• [TASK OBJECTIVE] Leave out all pictures. Return exactly the lines from the top of the material through the line containing "The problems with".

• [RECORDS SHOWN]
==================================================

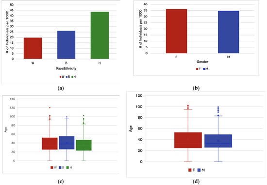 Prevalence was calculated by dividing the number of cases within a specific racial group by the total number of individuals belonging to that same racial group in Kansas City, MO, and multiplying that decimal by 1000 to obtain the prevalence per 1000 individuals. Figure 3a,b represents the prevalence of COVID-19 positive cases per 1000 with respect to race/ethnicity and gender. It was observed that Hispanics had higher prevalence than White and African American groups. Figure 3c,d represent the average age of COVID-19 cases with respect to race/ethnicity and gender, respectively.
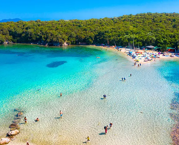Go south to Mourtos, a group of islets in the Syvota archipelago. Drop anchor in the Blue Lagoon; its sapphire to emerald water gradient is gradual. Swim, paddleboard, or just float; then land in Syvota's harbor for bourdeto (spicy scorpionfish stew) at a taverna covered in bougainvillea. Watch the bay spark with the lights of yachts and laughter as evening falls.
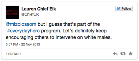 The problems with bystander intervention go beyond a simple failure to reframe, due to layers of privilege involved. Lauren Chief Elk shared some deeper analysis on Twitter a year ago (and many times since then), including her personal experience intervening as a bystander:
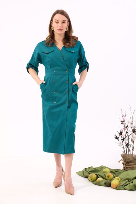Эффектное двубортное платье длиной миди из денима полуприлегающего силуэта. Линия плеча приспущена, рукав втачной три четверти с манжетой и патой. Горловина обработана обтачкой с V-образным вырезом. Линия талии акцентирована притачным поясом. Имеются карманы в боковых швах. Изделие застёгивается на кнопки. Без подкладки.
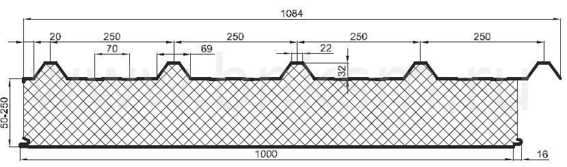 Сэндвич-панели кровельные с минеральной ватой отличаются высоким уровнем огнестойкости, к тому же имеют высокую плотность и теплопроводность 0,05Вт/(м*К). Это элементы со средним весом и такой же стоимостью, которые благодаря своему негорючему наполнителю используются практически повсеместно. Наружный металлический слой крышного утеплителя имеет обязательное профилирование в виде волны, микроволны, трапеции или накатки. Это важно в том случае, если полотно имеет большую длину и требуется основательно повысить его жесткость.
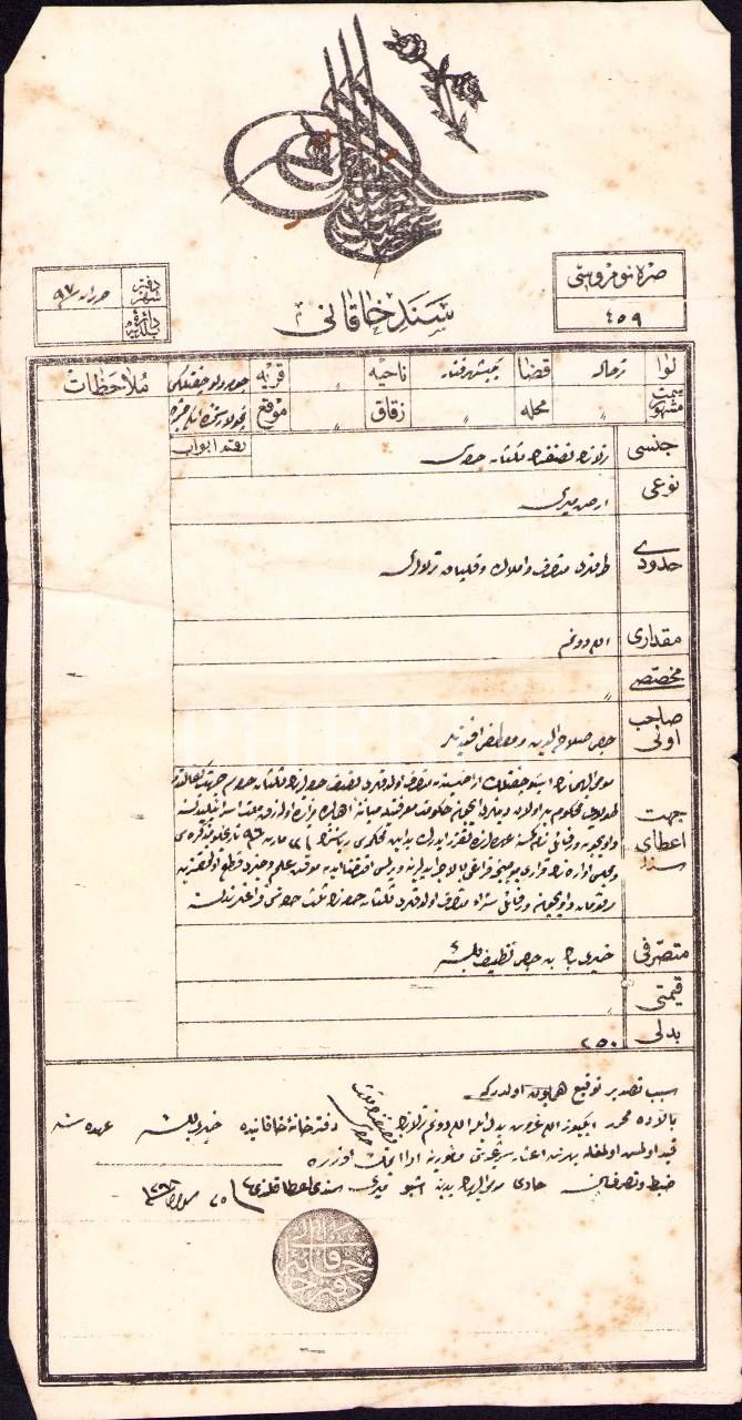 Osmanlıca Sened-i Hakani antetli arz-ı miri tarla tapusu, Yenişehir-Fener/Tırhala 1298, 17x33 cm, lekelenmiş ve kırışık haliyle
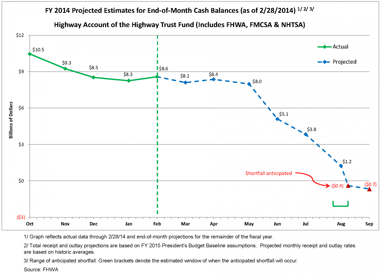 Based on current spending and revenue trends, the U.S. Department of Transportation estimates that the Highway Account of the Highway Trust Fund will encounter a shortfall before the end of fiscal year (FY) 2014. See USDOT HTF Ticker for more details.
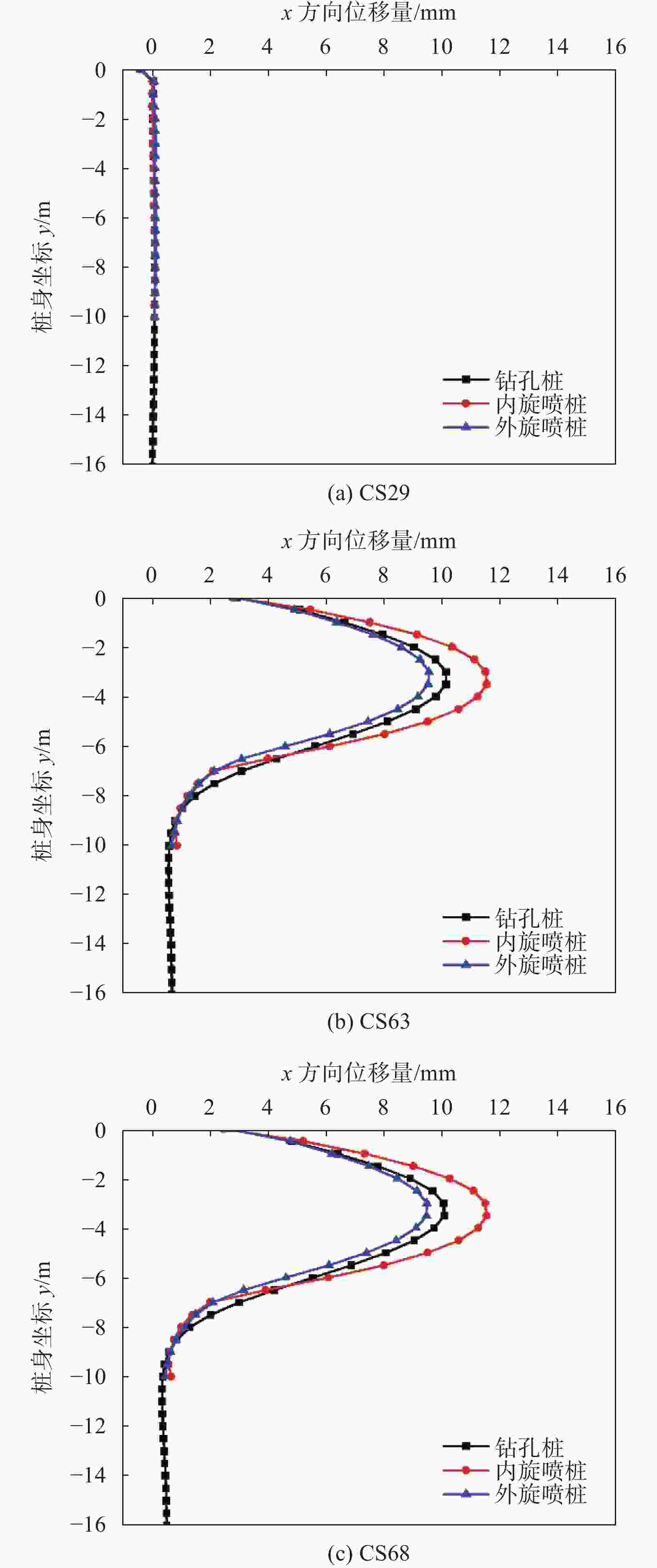 注:影响因素A,B,C分别为桩径、桩身插入比、桩间咬合量。
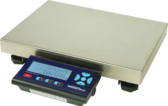Compact portable bench scales with stainless steel platter and large, easy to read display.
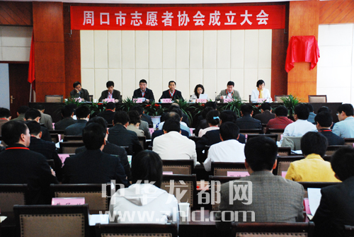 (本网记者 戚永)4月19上午,周口市召开志愿者协会成立大会。市委宣传部副部长、文明办主任朱国恩、市文明办副主任杨顺清、团市委副书记陆志杰、市妇联纪检员王素华、市文化局纪检组长谢强、市文联副主席葛罡、市社会组织管理局局长崔建玲等出席会议。周口市志愿者协会首届会员共70余人参加了本次大会。
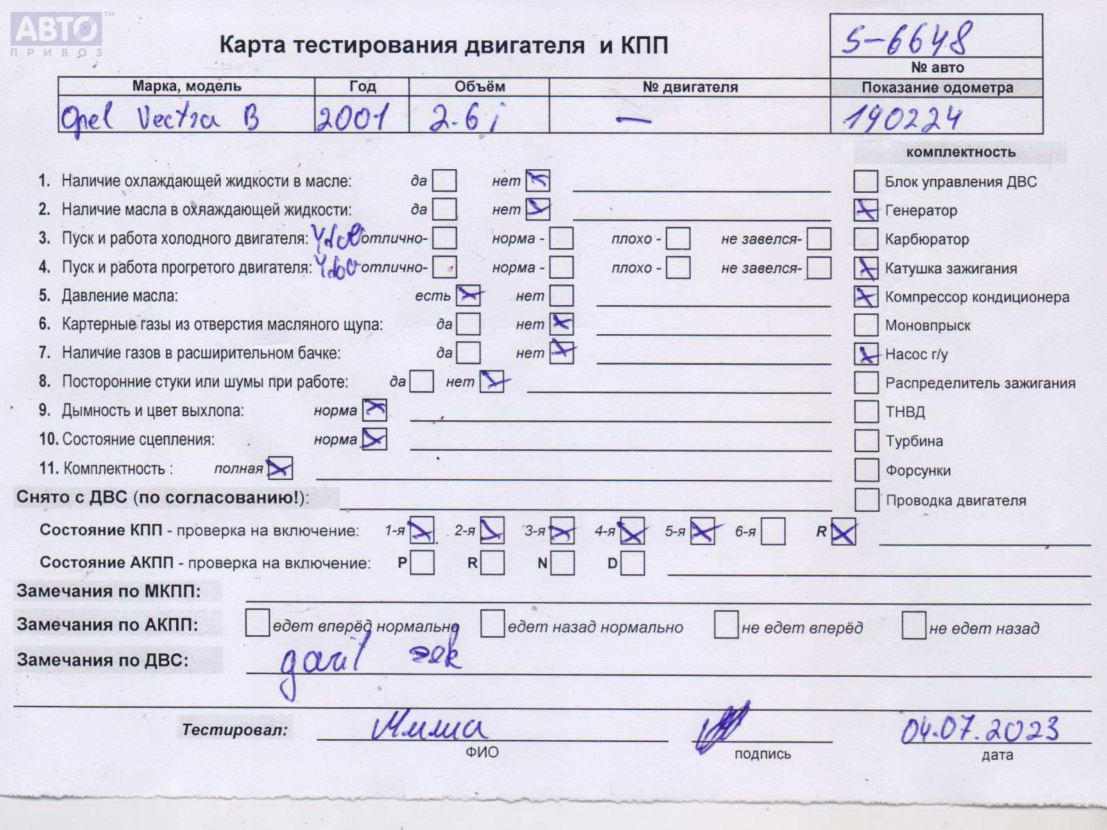 | Марка / Модель / Год: | Opel Vectra B (1995-2002) 2001 |
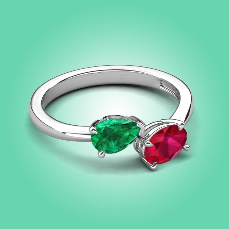 1.70 ctw Emerald Pear Shape 7x5 mm & Ruby Oval Shape 7x5 mm with Prong setting Two Stone Duo Women Engagement Ring in Sterling Silver More Details ...
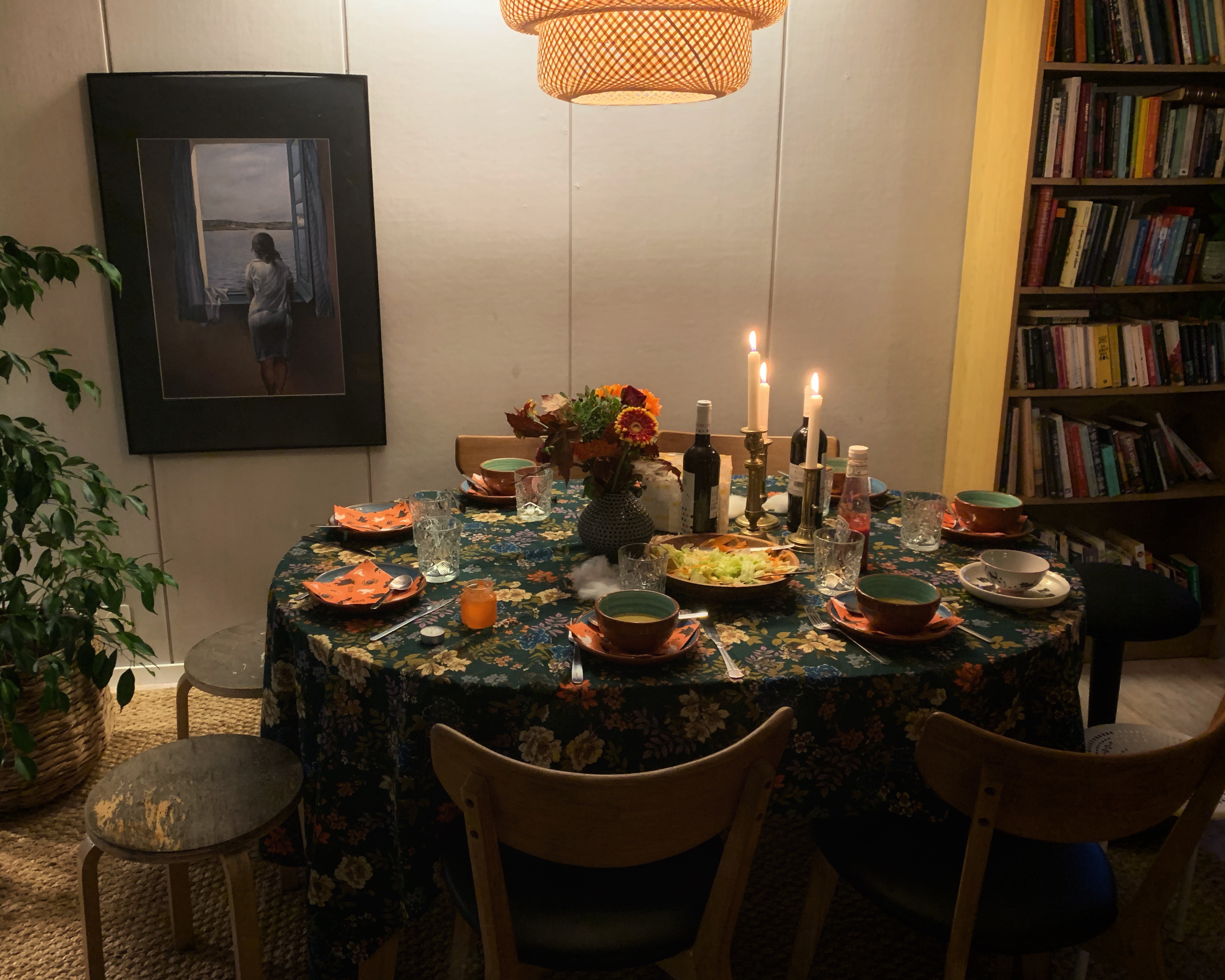 Förra veckan hade jag familjen hem på Halloween-middag. Jag lagade läskig korv och het pumpa-soppa. Sedan rostade kastanjer såsom man gör den här tiden på året i Barcelona. Så gott till lite rött vin och getost.

==================================================

• [ANSWER FOR THIS EXERCISE]
 Prevalence was calculated by dividing the number of cases within a specific racial group by the total number of individuals belonging to that same racial group in Kansas City, MO, and multiplying that decimal by 1000 to obtain the prevalence per 1000 individuals. Figure 3a,b represents the prevalence of COVID-19 positive cases per 1000 with respect to race/ethnicity and gender. It was observed that Hispanics had higher prevalence than White and African American groups. Figure 3c,d represent the average age of COVID-19 cases with respect to race/ethnicity and gender, respectively.
Go south to Mourtos, a group of islets in the Syvota archipelago. Drop anchor in the Blue Lagoon; its sapphire to emerald water gradient is gradual. Swim, paddleboard, or just float; then land in Syvota's harbor for bourdeto (spicy scorpionfish stew) at a taverna covered in bougainvillea. Watch the bay spark with the lights of yachts and laughter as evening falls.
 The problems with bystander intervention go beyond a simple failure to reframe, due to layers of privilege involved. Lauren Chief Elk shared some deeper analysis on Twitter a year ago (and many times since then), including her personal experience intervening as a bystander:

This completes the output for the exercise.